Token Efficiency (median tokens per question)

Method	Easy	Medium	Hard
No Memory	0.6k	0.9k	1.0k
BM25 Search	4.6k	4.9k	4.6k
BM25 + Vector Search	1.8k	1.7k	1.8k

Key Findings

Search without awareness is nearly useless. BM25 search scores 2.8% overall — a marginal improvement over no memory (0.8%) that costs 5x the tokens. On medium and hard tiers, BM25 adds noise without finding relevant context.
Vector search helps on easy, fails on hard. BM25+Vector reaches 6.0% on easy (keyword overlap helps embeddings too) but drops to 0.7% on hard — the same as no memory. Semantic similarity cannot bridge cross-domain connections like "transcript request" → "name change."
Hard-tier implicit context is unsolved by pure search. No search-only approach exceeds 2.0% on hard questions. Finding connections like "Ford Mustang air filter" → "Target coupons" requires a holistic overview of the user's history, not better retrieval.
The token cost of always-searching is real. BM25 consumes ~4.7K tokens per question regardless of outcome — 5x the cost of no memory, for 2 percentage points of improvement. Over hundreds of interactions, this waste compounds.

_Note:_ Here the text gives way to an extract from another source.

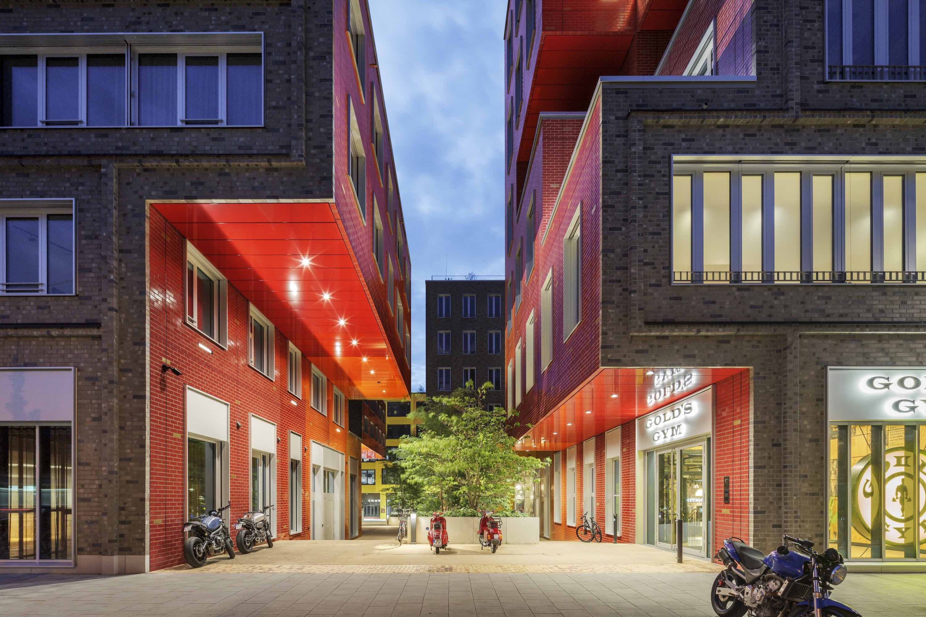 Separated from the hotel by a new pedestrian canyon is a Gold's Gym with offices above. Carving out this, and two additional, canyons was key to making the neighborhood more welcoming and introducing a sense of place to the community beyond simply the new development. The main canyon leads to another office building and a public plaza, the facade of which is clad in the same glossy, red-to-orange brick as the sides of the canyon—an image of pure joy that draws people in.
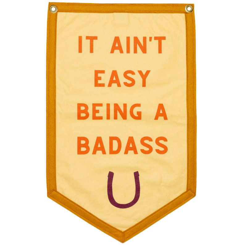 this pennant features a horseshoe design with the words "It Ain't Easy Being A Badass" are screen printed on felt and finished with a felt border and two brass grommets for hanging.

These baselines establish the floor. Memory systems that maintain pre-loaded overviews, hierarchical summaries, or topic indices should be evaluated against these numbers.

Data

Source

Built on LongMemEval (Wu et al., ICLR 2025, MIT license). We use the S variant's conversation sessions, filtered to a 3-month window (April–June 2023) for realistic scale.

Construction

Session pruning: Raw sessions are pruned from ~15K to 1,307 to achieve realistic density (~14 sessions/day, matching active AI agent usage patterns). All answer-bearing sessions are preserved; remaining slots are filled by deterministic sampling.
Question generation: For each answerable LongMemEval question, one implicit context question is generated by Kimi K2.5 at an assigned difficulty tier. The model receives the answer sessions and generates a task request that requires recalling past context without explicitly asking for it.
Quality filters:
- Leaking filter: Questions where >30% of should_recall keywords appear in the question text are rejected. This prevents questions that contain their own answers.
- Format filter: Incomplete, placeholder, or malformed questions are rejected.
- Difficulty tiers: Easy = keyword overlap with past context. Medium = same domain, different words. Hard = cross-domain, abstract connection.
Final dataset: 900 questions (300 per tier), each verified to not leak answers.

Format

{
  "question_id": "implicit_v4_hard_7161e7e2",
  "type": "implicit_context",
  "difficulty": "hard",
  "question": "My college transcript was denied because the registrar has no record matching my current name.",
  "has_context": true,
  "source_question_id": "7161e7e2",
  "answer": "Johnson",
  "answer_session_ids": ["session_047"],
  "should_recall": "The user's last name was Johnson before they changed it",
  "connection": "Academic records from 2010 are filed under the previous legal name"
}

Quick Start

# Install
npm install

# Set API keys
export OPENAI_API_KEY="..."      # for judge (GPT-5.1)
export FIREWORKS_API_KEY="..."   # for answer model (Kimi K2.5)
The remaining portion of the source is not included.